28 Ağustos 2013 Çarşamba

HİÇ, HER ŞEY OLDU, HER ŞEY, HİÇ OLDU...

O ilk saniyeler hiç de söyledikleri gibi değildi. Ne birden büyük bir sevgi duymuştu ne içi birden bire ısınmıştı ne de yaşadığı ve saatlerce sürdüğünü düşündüğü acıları birden unutabilmişti... Sancıları hiç geçmemişti. Üstüne üstlük müthiş üşüyordu...
Ne sen bir melek gibiydin, ne prenses ne dünyanın en güzel varlığı olduğunu düşündüm ne de hep söyledikleri gibi bunun harika bir duygu olduğunu...
Yalan mıydı hepsi... Ben mi hissedemiyordum. Yoksa ben ruhsuz, hissiz bir insan mıydım. Bu yüce duyguyu yaşayamayacak kadar uzak mıydım... Hazır mı değildim...
Ağlıyordun. Biraz tedirginlik, biraz huzursuzluk, biraz şaşkınlık ağlamasıydı sanki bu. Bense sadece bakıyordum. Biraz tedirgin, biraz huzursuz, biraz şaşkın.Duyduğun ses doğru muydu? Sana tekrar cevap verecek miydi? Ağlama diyecek miydi? Yanılmadın. Tekrar " Ağlama canım" dedim.  Belki bende yokladım seni. Tekrar duyacak tekrar anlayacak mıydın beni? Ve susacak mıydın.
Sustun. Sen sustun. Ben sustum. Sanki herkes her şey sanki tüm dünya sustu...
Derin bir sessizlik, sakinlik ve huzur duydum... nicedir bu kadar sakin ve huzur dolu oldum mu diye düşündüm. Hatırlayamadım. Tüm duyguları birden yaşamak için aynı anda her şeyi hissetmek için çok mu acele etmiştim.
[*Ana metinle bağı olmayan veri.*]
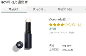產品推介:Boy de Chanel 零油光潤唇膏 (NT$1,340)/ 曼秀雷敦 男士潤色護唇膏 (NT$160)

O sessizlikte tüm cevaplarımı da buldum sanki. Yavaş yavaş, sindire sindire yaşanması gerekiyormuş... Yavaş yavaş hissediyor yavaş yavaş anlıyordum.
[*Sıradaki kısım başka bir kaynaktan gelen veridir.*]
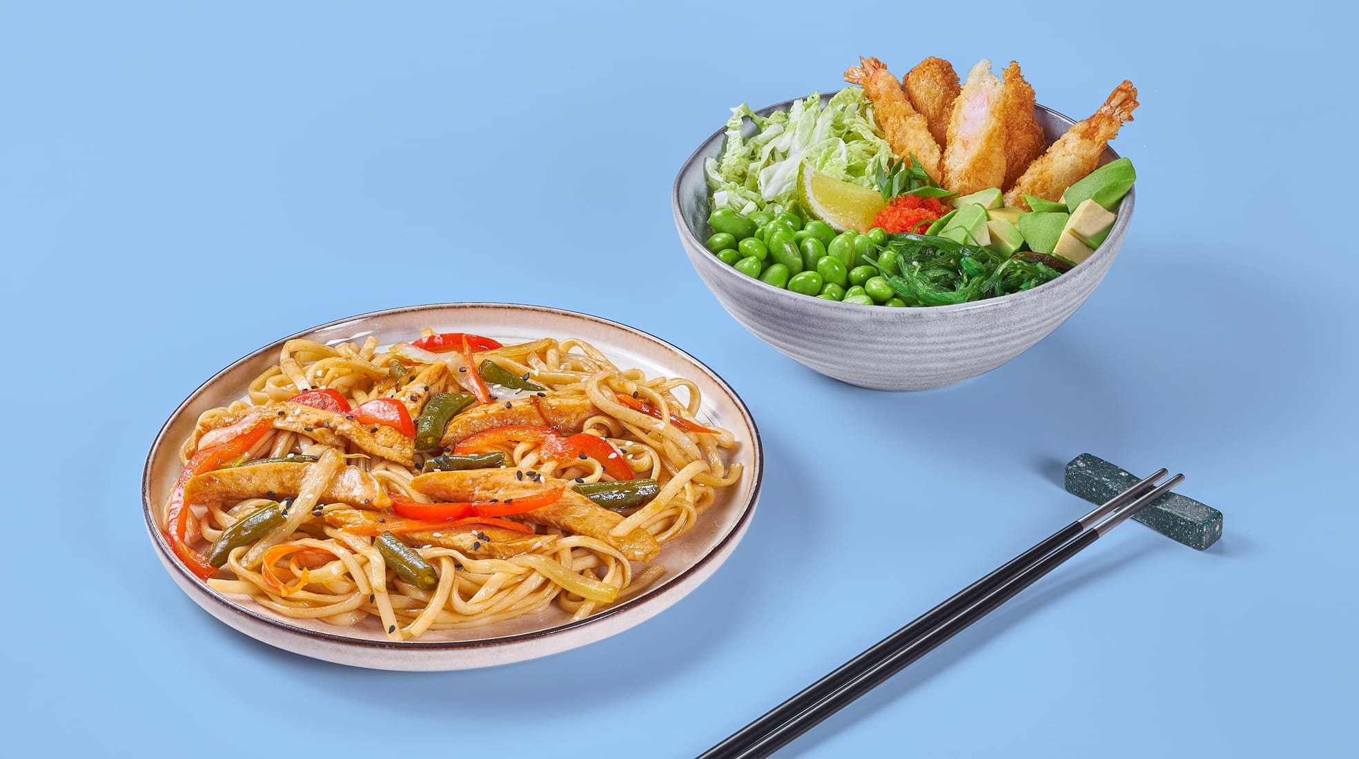 Вок с курицей терияки, Поке с креветкой панко. *Внешний вид блюда может отличаться от фото на сайте.

İkimizde çok üşüyorduk.  Örttüler üzerimizi. Ben hala üşüyordum. Sana soramıyordum ki sorsam da cevaplayamazdın ki... Sonra  " Hadi al yanına biraz " dediler. Ne kadar hafiftin. Kolumun üzerine aldım. Göğsüme doğru yaklaştırdım. üzerini örtüm. Kendime doğru iyice çektim seni. Sanki biraz daha sakinleştin, gevşedin. Bir süre öyle kaldık.  Ve geçti tüm titremeler tüm üşümeler... Sıcacık yatağımızda minik ama sıcacıktın. Biz olduk sadece...
Sonra her şey hızlandı birden. Ayrılma işlemleri toparlanma ve çıkış. Seni kucağa aldılar sıkıca sarıp. Ben yavaş yavaş yürümeye çalışırken ardında...
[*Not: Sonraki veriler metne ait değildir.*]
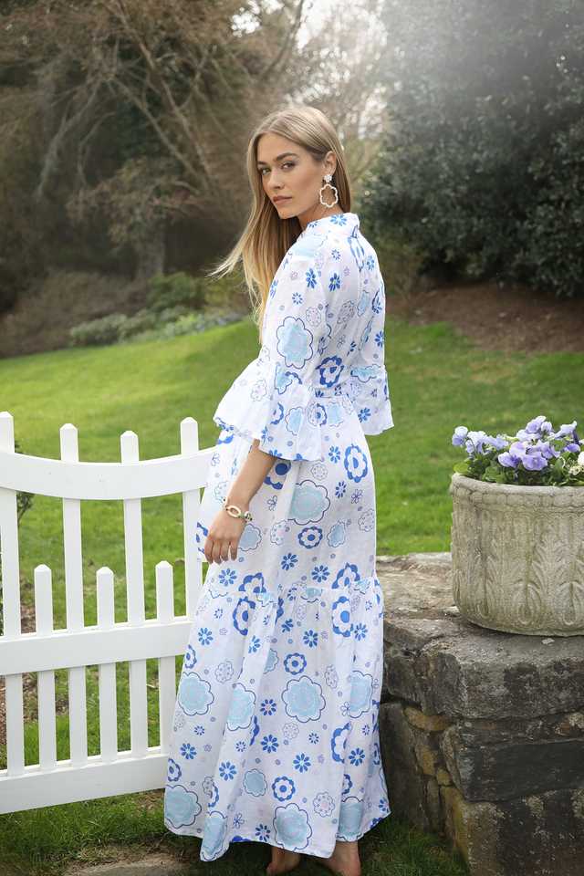 Wholesale Price Floral Print Three Quarter Sleeve Floor Length Bohemian Gypsy Long Maxi Dress

Eve vardığımızda yatağa yatırıldık birlikte. Ve ikimizde direndik uykuya. Hadi ben tamam da hani sen 'melekler gibi uyucaktın'...  Hani  ilk günlerde günün büyük kısmında uykuda olacaktın hesapta. Bu da mı yalandı. Ya da bu da mı zamanla yavaş yavaş olacaktı....
Nerdeyse iki yıl geçti o günün üzerinden... Aynı kalan belki de tek şey bu. Sen hala uykuya karşı direnmektesin.Ve ben hala senin uykunu düzene sokma mücadelesi vermekteyim.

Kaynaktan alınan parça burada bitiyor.